**Work to complete**.
Each line below needs to be returned exactly. Skip any picture.

**Given material**.
=======

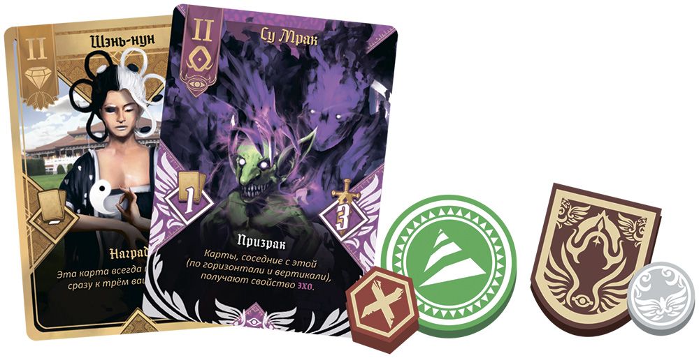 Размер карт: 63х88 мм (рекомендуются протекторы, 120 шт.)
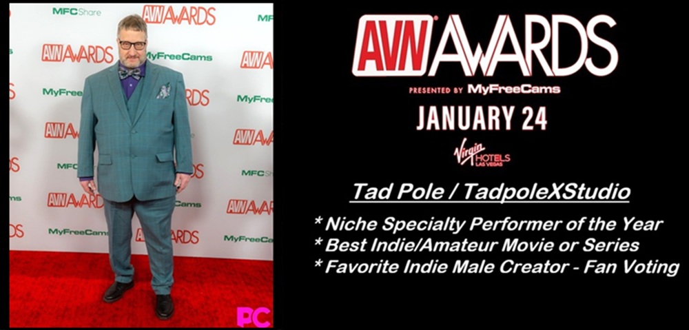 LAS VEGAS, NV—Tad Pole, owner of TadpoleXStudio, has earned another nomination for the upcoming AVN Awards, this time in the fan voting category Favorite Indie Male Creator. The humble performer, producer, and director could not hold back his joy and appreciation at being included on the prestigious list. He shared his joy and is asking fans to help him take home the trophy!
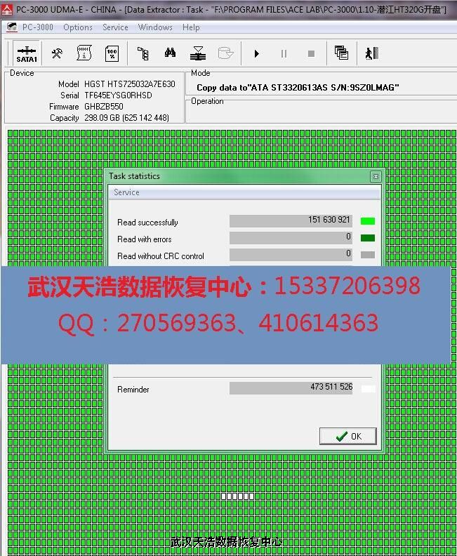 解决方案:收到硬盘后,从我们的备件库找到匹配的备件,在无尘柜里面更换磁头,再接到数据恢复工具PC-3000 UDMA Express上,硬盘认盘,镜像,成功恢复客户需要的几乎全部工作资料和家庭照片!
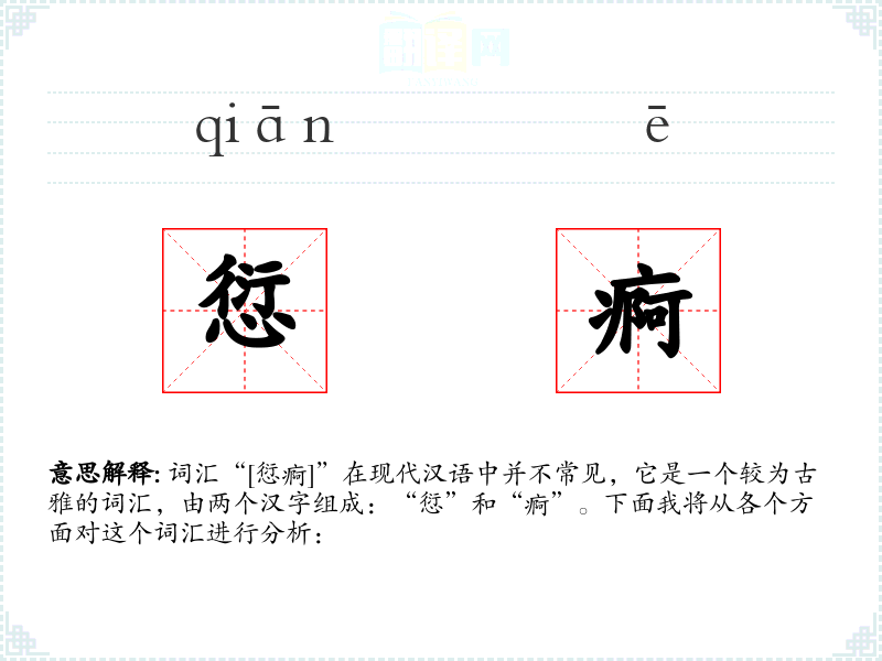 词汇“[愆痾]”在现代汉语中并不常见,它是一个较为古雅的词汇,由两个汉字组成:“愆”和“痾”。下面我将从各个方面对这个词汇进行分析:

=======

**Solution to the problem**.
 Размер карт: 63х88 мм (рекомендуются протекторы, 120 шт.)
 LAS VEGAS, NV—Tad Pole, owner of TadpoleXStudio, has earned another nomination for the upcoming AVN Awards, this time in the fan voting category Favorite Indie Male Creator. The humble performer, producer, and director could not hold back his joy and appreciation at being included on the prestigious list. He shared his joy and is asking fans to help him take home the trophy!
 解决方案:收到硬盘后,从我们的备件库找到匹配的备件,在无尘柜里面更换磁头,再接到数据恢复工具PC-3000 UDMA Express上,硬盘认盘,镜像,成功恢复客户需要的几乎全部工作资料和家庭照片!
 词汇“[愆痾]”在现代汉语中并不常见,它是一个较为古雅的词汇,由两个汉字组成:“愆”和“痾”。下面我将从各个方面对这个词汇进行分析:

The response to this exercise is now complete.